A better choice of board would be the Leonardo, since you could connect such a shield and use the USB port right out of the box. However, since you have the Uno, there is a solution.

From Arduino:

The SoftwareSerial library has been developed to allow serial communication on other digital pins of the Arduino, using software to replicate the functionality (hence the name "SoftwareSerial"). It is possible to have multiple software serial ports with speeds up to 115200 bps. A parameter enables inverted signaling for devices which require that protocol.

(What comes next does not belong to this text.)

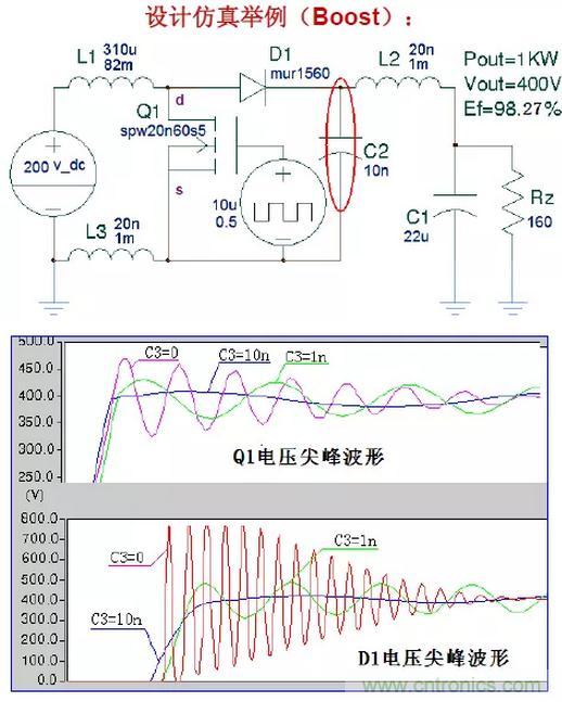 引起電壓尖峰的電流可能是:拓撲電流、二極管反向恢復(fù)電流、不恰當?shù)闹C振電流等。

It then goes on to reccomend the library AltSoftSerial.

Here is some example code from the link above:

#include <AltSoftSerial.h>

AltSoftSerial altSerial;

void setup() {
  Serial.begin(9600);
  Serial.println("AltSoftSerial Test Begin");
  altSerial.begin(9600);
  altSerial.println("Hello World");
}

void loop() {
  char c;

  if (Serial.available()) {
    c = Serial.read();
    altSerial.print(c);
  }
  if (altSerial.available()) {
    c = altSerial.read();
    Serial.print(c);
  }
}

It acts like a standard serial port, only you declare the connection as a variable first. This code is written for a board with an additional serial port, like you have.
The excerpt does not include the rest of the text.